I inferred from the way banking and other institutions were run in China that healthcare treatment (appointments, procedures, and payment) must be based on relationships and the discretion of the business. What I mean is, a person cannot go to a Chinese bank and expect the same treatment for the same services every time. The bank isn’t governed strictly by a system of policies. If the bank teller tells you she cannot make a money transfer without certain documents and several mangers’ approval, as an example, you cannot tell her that the teller you spoke with last week did it all by himself without needing any extra documents. If she says it cannot be done, then arguing about written rules or past experience is moot. Chinese culture does not place a great amount of value or authority in written policies and standards. Business relationships are extensions of personal relationships. How your individual case is handled, in law and business, is largely up to the mood of the authority figure.

A friendly mediator in this environment is likely to tell you to jump through hoops or wait until another time. Have patience, because “that’s China.” Now, I was never directly held up by this type of runaround, but I was aware of the way the system worked. At any moment, the baton of responsibility and social power might be passed. In the Chinese mentality, people did not expect to get anywhere or receive the treatment they desired unless they had personal connections to someone with power, who could pull the right levers, in which case no paperwork was needed and all problems were solved.

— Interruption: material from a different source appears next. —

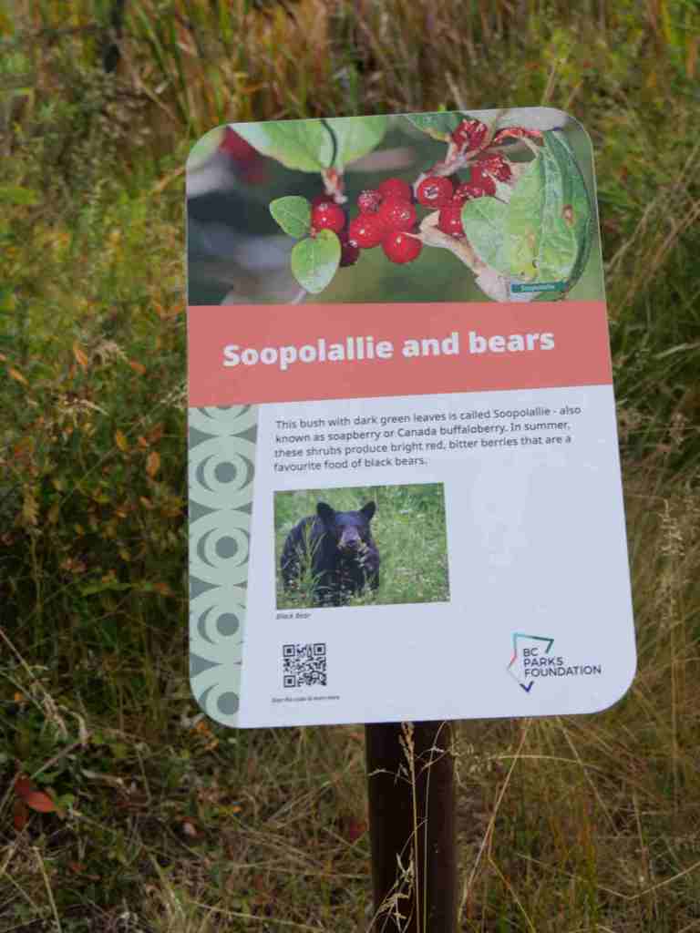 That’s a trail sign from Big Bar Lake Provincial Park, kindly informing travellers that bears eat berries. No matter how many times you read it, though, it doesn’t say that the people on whose land the park sits, the Stswecem’c Xgat’tem, love those berries, too, and have been eating them for a long time. The record they have left on the eskers of the park are at least 6,500 years old. That’s a lot of berries. Now, it’s not that Dr. Breen doesn’t know all this, and I’m sure she bemoans this lack of regard as well, but, even so, the whole notion of rural and urban is getting in the way. Even if rural is defined as areas with populations of less than 80,000 people, with degrees or rurality right down to small communities of 100 people or so, as Dr. Breen elegantly delineated it, the inclusion of Indigenous people in that rurality, while excluding their presence in the berry patch, is problematic. Also problematic is the exclusion of this guy catching some rays on a cold September day.

Perhaps the Chinese are mostly right about how the world works, and they have only made an implicit social phenomenon explicit.

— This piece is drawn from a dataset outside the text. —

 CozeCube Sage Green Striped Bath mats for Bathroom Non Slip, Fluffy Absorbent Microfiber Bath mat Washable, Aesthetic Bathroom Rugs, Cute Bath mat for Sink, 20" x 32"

So those were my hospital experiences in China. There were other times I visited hospitals- I visited a major hospital in Shanghai, I briefly walked through a hallway and bathroom of a city hospital in semi-rural China, I went to a patient room in a small hospital near my university by walking up unlit stone steps in a dark alley, I visited a new mother and her infant daughter lying in a narrow room with a row of five beds and other women and their families pressed close together, and I saw a young man with a broken arm wrapped up in the sorriest looking cast and sling I have ever seen- but I mention these major episodes in the spirit of my other stories written here. I do not offer, I could not offer, a survey on the Chinese healthcare system. What I can share is my individual experience, which another foreign traveler would share much of if he ventured into the heart of China (except the 3-day stay, hopefully), and I can share my perspective on particular Chinese customs and culture.

If you ever set foot in the real China, you very likely might see things differently; I’ve met people who are both much more enthused and much more jaded on China than I am. One thing, though, you could not disagree over with me: visiting a Chinese hospital will make you count your blessings in having lived in the West.